_YOUR INSTRUCTIONS_
The lines to be set down run from the line containing "Lincolnville Museum $225,000" through the final line of the data below; print them exactly and print nothing else.

_EXTRACTED MATERIAL_
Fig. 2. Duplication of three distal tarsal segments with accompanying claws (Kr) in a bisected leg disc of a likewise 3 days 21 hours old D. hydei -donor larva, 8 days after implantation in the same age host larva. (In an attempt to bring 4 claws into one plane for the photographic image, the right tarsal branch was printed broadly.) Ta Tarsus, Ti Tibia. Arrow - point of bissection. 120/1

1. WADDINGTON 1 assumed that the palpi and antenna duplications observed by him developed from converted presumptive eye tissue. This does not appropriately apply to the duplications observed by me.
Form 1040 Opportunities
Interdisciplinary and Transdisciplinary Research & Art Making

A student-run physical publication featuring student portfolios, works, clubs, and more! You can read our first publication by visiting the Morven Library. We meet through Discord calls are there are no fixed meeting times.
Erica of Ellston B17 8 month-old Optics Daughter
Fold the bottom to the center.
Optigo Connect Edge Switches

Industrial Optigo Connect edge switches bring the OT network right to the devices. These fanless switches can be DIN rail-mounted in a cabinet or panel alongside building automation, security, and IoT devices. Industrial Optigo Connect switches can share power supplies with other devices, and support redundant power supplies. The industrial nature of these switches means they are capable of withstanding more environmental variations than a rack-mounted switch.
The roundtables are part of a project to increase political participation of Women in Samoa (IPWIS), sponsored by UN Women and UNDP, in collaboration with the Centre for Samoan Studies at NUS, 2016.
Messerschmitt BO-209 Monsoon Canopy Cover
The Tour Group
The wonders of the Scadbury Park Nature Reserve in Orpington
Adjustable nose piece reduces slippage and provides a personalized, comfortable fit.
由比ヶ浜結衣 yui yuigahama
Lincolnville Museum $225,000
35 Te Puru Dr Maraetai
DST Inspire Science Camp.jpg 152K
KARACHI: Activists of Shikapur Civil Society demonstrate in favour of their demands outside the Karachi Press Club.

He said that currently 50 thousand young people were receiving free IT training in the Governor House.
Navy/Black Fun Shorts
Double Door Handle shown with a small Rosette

_ANSWER FOR THE TASK_
Lincolnville Museum $225,000
35 Te Puru Dr Maraetai
DST Inspire Science Camp.jpg 152K
KARACHI: Activists of Shikapur Civil Society demonstrate in favour of their demands outside the Karachi Press Club.

He said that currently 50 thousand young people were receiving free IT training in the Governor House.
Navy/Black Fun Shorts
Double Door Handle shown with a small Rosette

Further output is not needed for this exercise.